3. Projet réinsertion
Le dirigeant d’un club de CFA2, Jacky Colinet, lui tend la main à sa sortie de prison et le sort de son quartier. Angoula se réinsère en remplissant tâches diverses et variées dans un petit club, du secrétariat à l’entraînement des jeunes en passant par le ramassage des ordures les lendemains de match. Parallèlement, Angoula joue, et plutôt bien.


"Lors de ma 2ème année de CFA, j’ai eu l’opportunité de faire un essai à Auxerre.

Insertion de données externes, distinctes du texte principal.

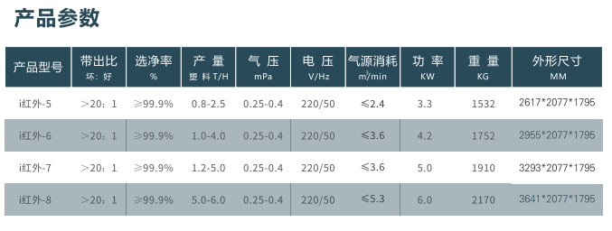 ♦进口红外传感器:专为同色不同质塑料分选而定制的进口红外传感器,可精准获取独特近红外光谱信息。

C’était en marge d’un match de Coupe d’Europe, et je me suis entraîné avec les joueurs qui n’avaient pas été convié à ce match et les autres issus de la réserve. C’était un autre niveau, l’essai n’a pas été concluant, mais je ne m’étais pas senti ridicule", raconte-t-il. "Je me suis dit qu’avec l’envie, je pensais pouvoir combler mes manques par rapport à ces gars-là. Cela m’a boosté. Dès lors j’ai progressé, changé de clubs, monté de divisions, jusqu’à signer pro à Bastia en National". 

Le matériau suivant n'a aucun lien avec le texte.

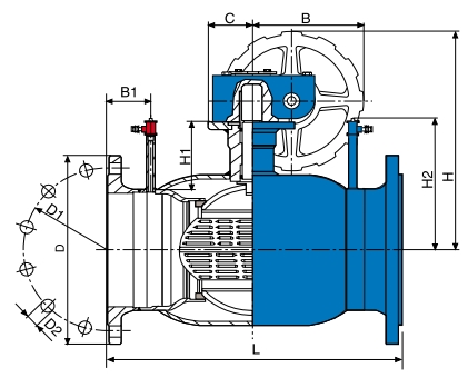 NAVAL DN400 PN16 265539 Кран шаровой фланцевый регулирующий из стали с редуктором

4. Le football pour profession
Avec Bastia, Angoula continue sa progression vers les cimes du football français. Il est promu en Ligue 2 puis en Ligue 1 la saison suivante où il affronte Zlatan Ibrahimovic, Thiago Silva et consorts. "C’est dingue ! Mais mon meilleur souvenir reste mon premier match de Ligue 1 à Sochaux. Cela m’a vraiment bizarre de me retrouver là en L1. C’est là que je me suis rendu compte du chemin réalisé". Il dispute 64 matches de Ligue 1 sous le maillot corse puis celui d’Angers, entre 2013 et 2016.  

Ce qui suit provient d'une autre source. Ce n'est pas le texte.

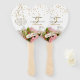 The fans are very pretty and easy to assemble. We utilized the original template and just inserted the names of our wedding party. After the product arrived we noted they read,”Made of Honor” rather than “Maid of Honor”. Upon re-checking the website we noticed the typo is in the original template and was not a mistake on our end. It is too late to return because our wedding is in just a few days but if we had time we would certainly request an exchange. See review above regarding typo.

5. L’arbitrage pour reconversion
A 35 ans, Angoula choisit de tirer le rideau sur sa carrière de joueur alors qu’il évolue en Ligue 2 au Nîmes Olympique pour se lancer dans une nouvelle aventure : l’arbitrage. "J’étais arrivé à un âge où il fallait que je pense à ma reconversion même si j’étais encore sous contrat à Nîmes. Là-bas, j’ai côtoyé un arbitre international. Je lui posais pas mal de questions, cela m’intéressait", raconte-t-il. 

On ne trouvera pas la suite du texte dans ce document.